I'm guessing that the intention is to generate a list of 'reports', one for each BDDObject record found. Based on that idea, your code should look more like this:
public List<String> getReport(List<BDDObject> records) {
List<String> reports = new ArrayList<String>(record.size());
for (BDDObject record:records) {
String newMedcondRefChild = String.valueOf(record.getValue( IDDConstants.IDD_THERAPY_AREA_REF_VALUE))
.toLowerCase()
.trim() + String.valueOf(record.getValue(IDDConstants.IDD_THERAPY_AREA_REF_TYPE_NAME)))
.toLowerCase().trim());
reports.add(newMedcondRefChild);
}
return reports;
}
Regarding the question on whether toString() would be helpful, the only place where I see it fitting, would be on the BDDObject itself. It would look something like this:
class BDDObject {
...
#Override
public String toString() {
return String.valueOf(getValue(IDDConstants.IDD_THERAPY_AREA_REF_VALUE)).toLowerCase().trim() +
String.valueOf(getValue(IDDConstants.IDD_THERAPY_AREA_REF_TYPE_NAME)).toLowerCase().trim());
}
In which case, the function to create the report becomes trivial:
public List<String> getReport(List<BDDObject> records) {
List<String> reports = new ArrayList<String>(record.size());
for (BDDObject record:records) {
reports.add(record.toString());
}
return reports;
}
In case that what you want is a looooong string with all the values concatenated to it, you can use StringBuilder, like this:
public String getReport(List<BDDObject> records) {
StringBuilder sb = new StringBuilder();
for (BDDObject record:records) {
sb.append(String.valueOf(record.getValue( IDDConstants.IDD_THERAPY_AREA_REF_VALUE))
.toLowerCase()
.trim());
sb.append(String.valueOf(record.getValue(IDDConstants.IDD_THERAPY_AREA_REF_TYPE_NAME))
.toLowerCase().trim()));
}
return sb.toString();
}
This will return all the records appended after each other. I doubt its readability, but you I hope you get the idea. StringBuilder is helpful when you need to build a string iteratively (like in the previous example). StringBuilder should not be used to replace single String operations like : String a = b.get() + c.get(); given that the compiler implicitly creates a StringBuilder in these cases and therefore there's no actual performance improvement to be achieved.
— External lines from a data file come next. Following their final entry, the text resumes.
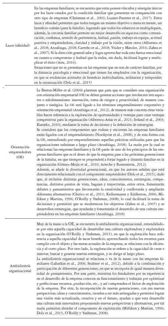 Sobre las empresas familiares, se han realizado distintos estudios a lo largo del tiempo, iniciando desde el concepto, hasta las implicaciones, presencia y repercusiones que tienen en las diferentes economías en el ámbito nacional. En cuanto al término, se identifican diversas definiciones, entre ellas Aira (2016) plantea que las empresas familiares son "aquellas unidades económicas que son controladas accionariamente por una o dos familias, que poseen influencia en la dirección de la empresa y consideran que va a ser transferida a las siguientes generaciones" (p. 90). Por otro lado, Orozco y Rentería (2012) la definen como
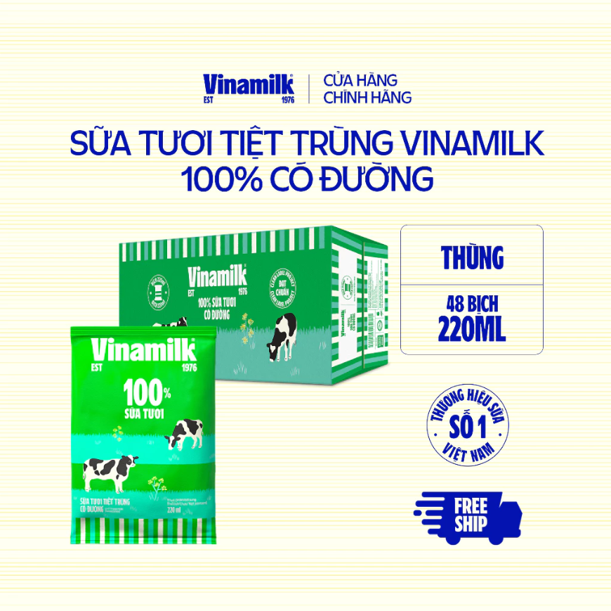 ✨Thùng 48 Bịch Sữa Tươi Tiệt Trùng Vinamilk 100% Có Đường (220ml)
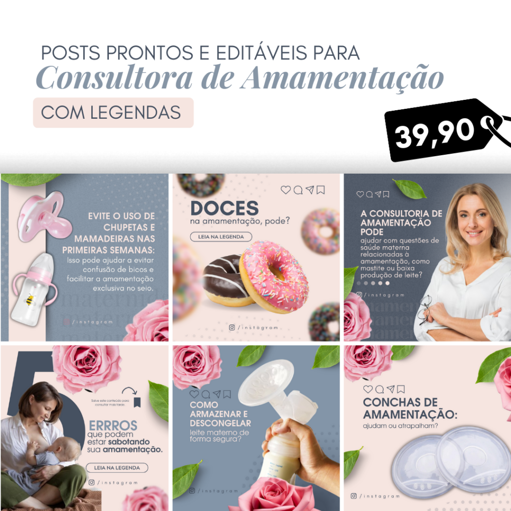 Além de trazer um conteúdo extremamente aprofundado, este guia também mostra como você, profissional, pode elevar o nível da sua presença digital, atrair mais clientes e conquistar autoridade utilizando o Pack Canva para Consultoras de Amamentação, que contém +200 posts totalmente editáveis, capas de destaques, bio link e cartão de visita.
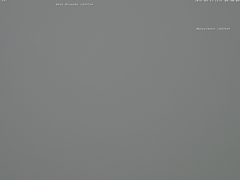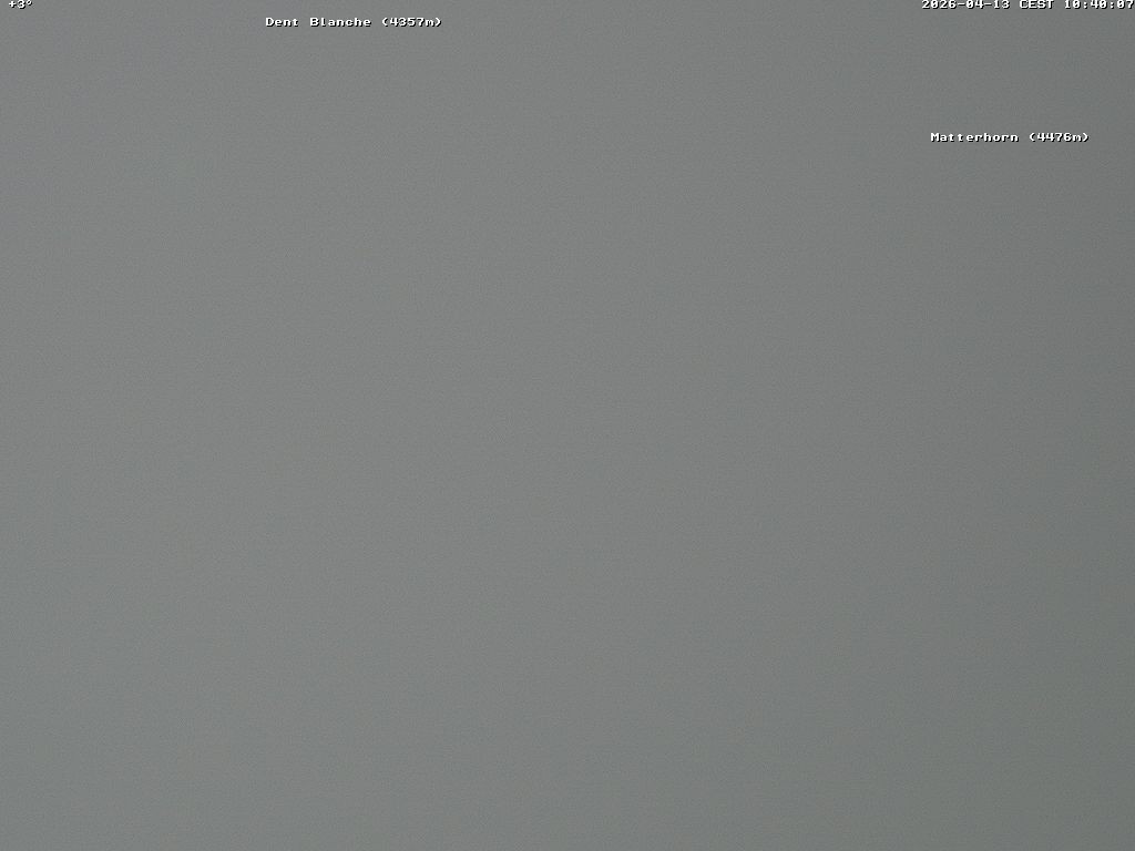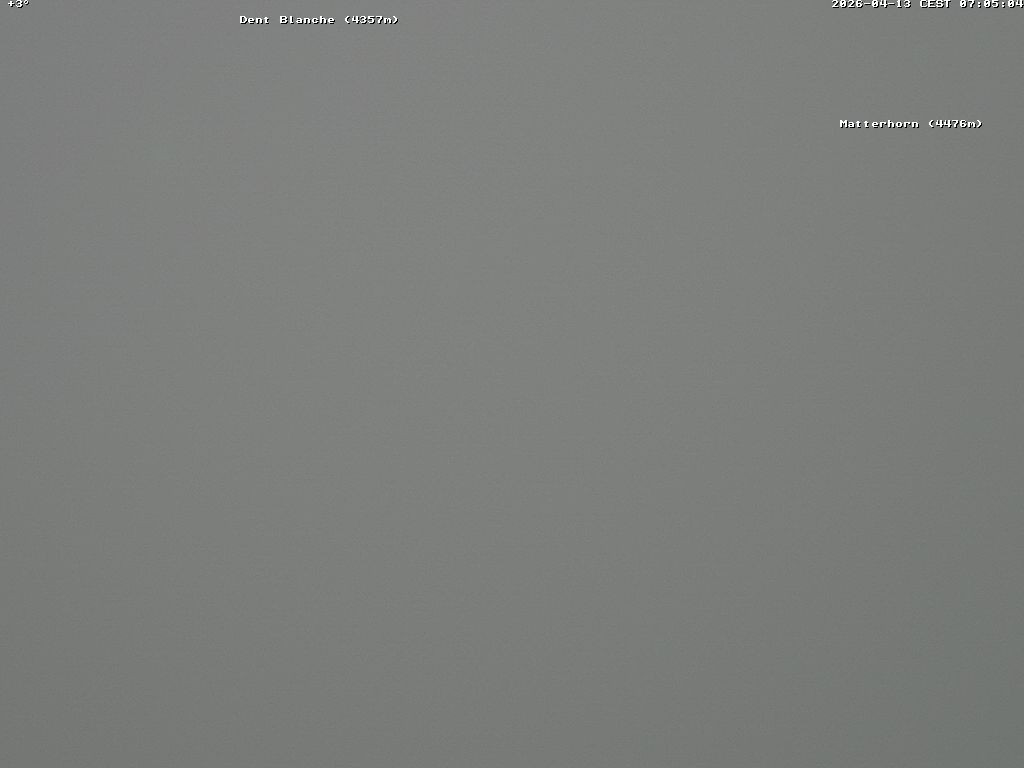 Archiviertes Webcam Bild: 4 Vallées: Blick Richtung Dent Blanche und Matterhorn am 13.04.2026 um 04:52 Uhr 04:00
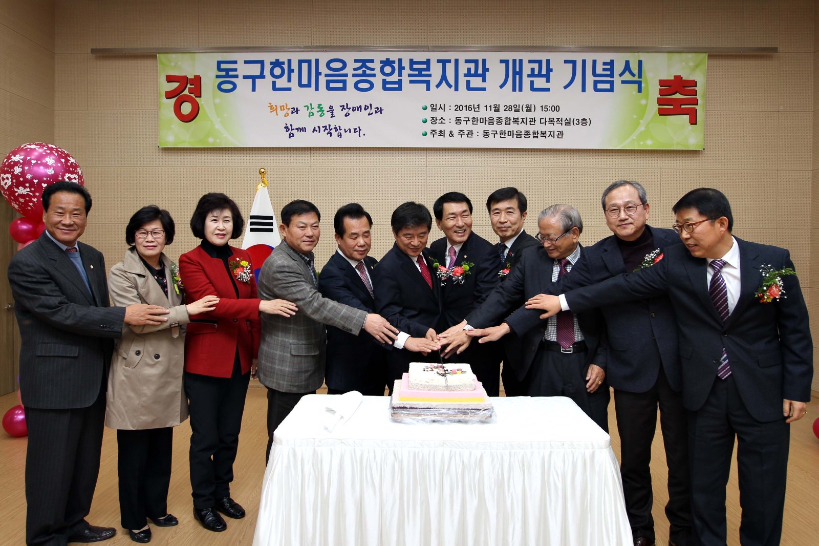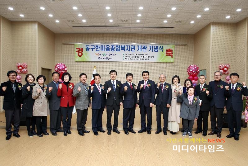 | 한마음종합복지관 개관식 후 기념 촬영을 하고 있다. <ⓒ미디어타임즈> |
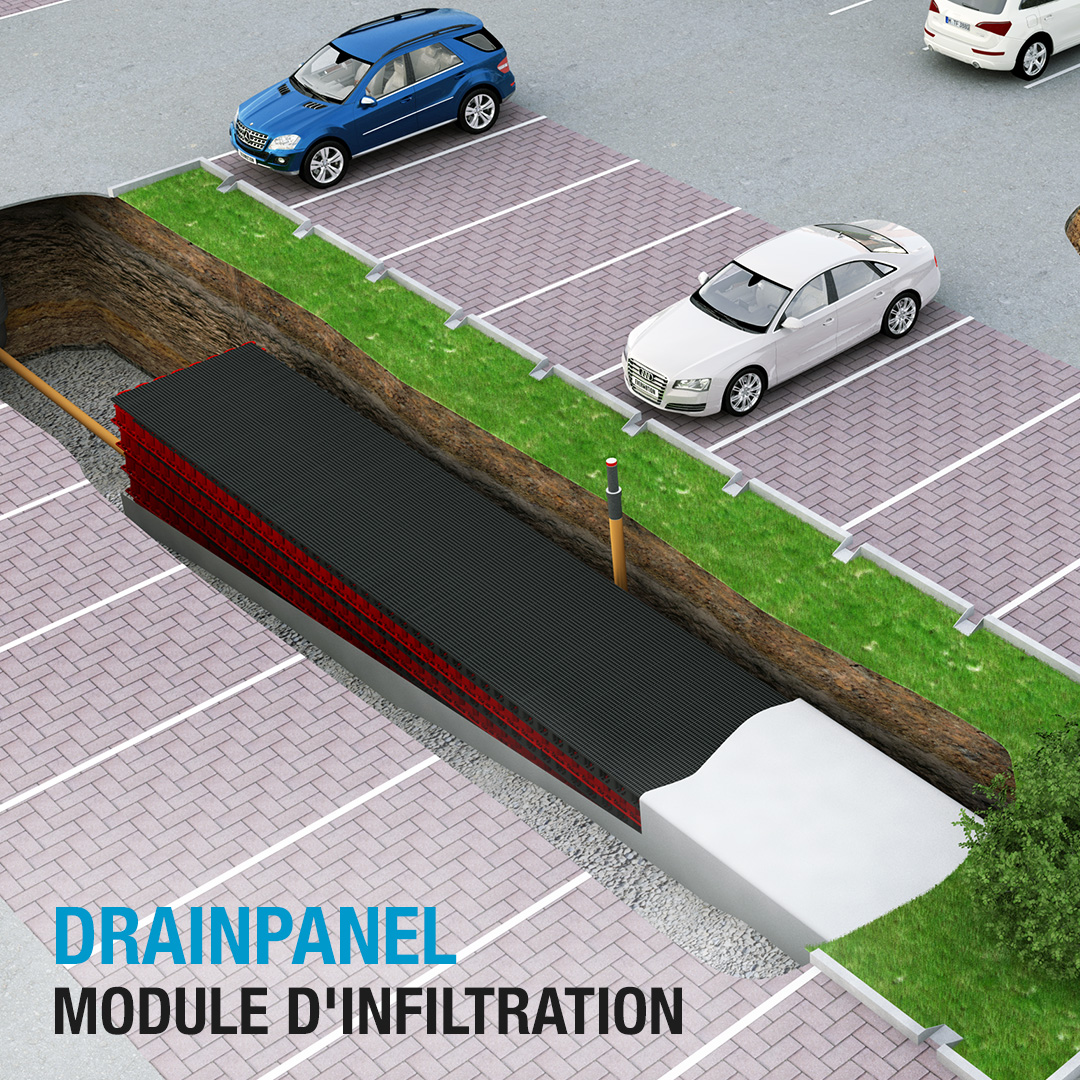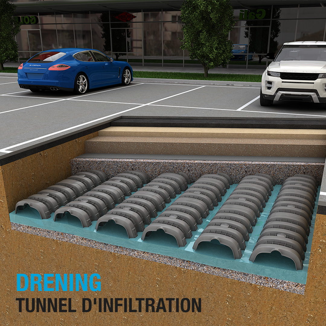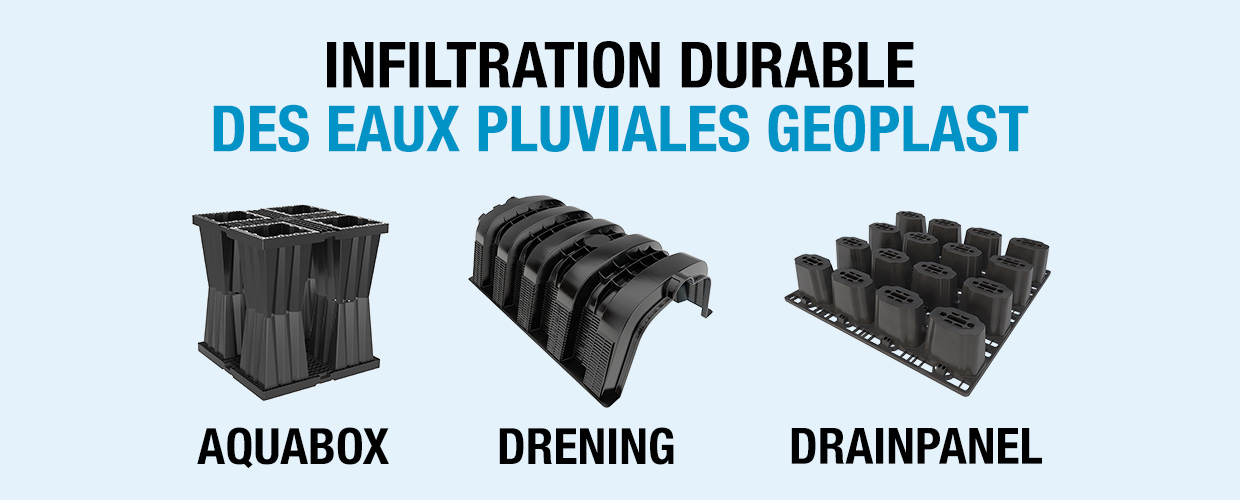 Infiltration durable des eaux pluviales Geoplast: Aquabox, Drening, Drainpanel
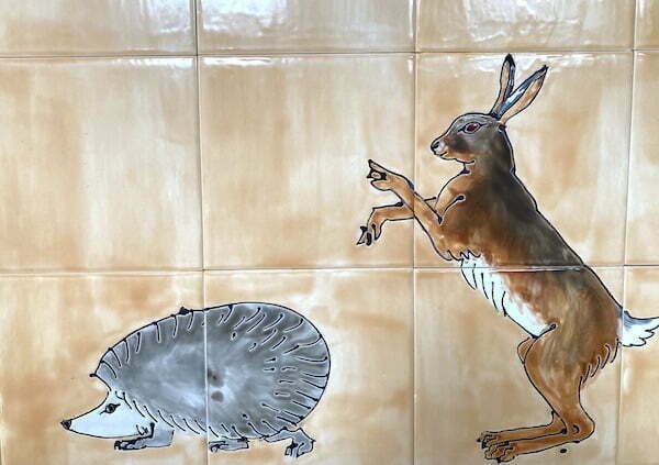 Hare and hedgehog kitchen tiles.
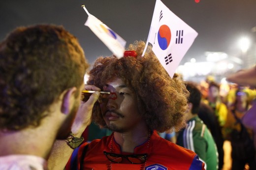 epa04263979 A South Korea supporter get his face painted at the FIFA Fan Fest on the Copacabana before watching the FIFA World Cup 2014 Group H match between South Korea and Russia, Rio de Janeiro, Brazil, 17 June 2014. EPA/Antonio Lacerda

In the code in your question, StringBuffer/StringBuilder will not give you any performance gains, because you concatenate only two strings. However, the question does not state what you are doing with the string in newMedconfRefChild. If your actual goal is to concatenate the strings of each loop iteration, then you should use a StringBuilder (use StringBuffer only when it is really necessary, prefer StringBuilder).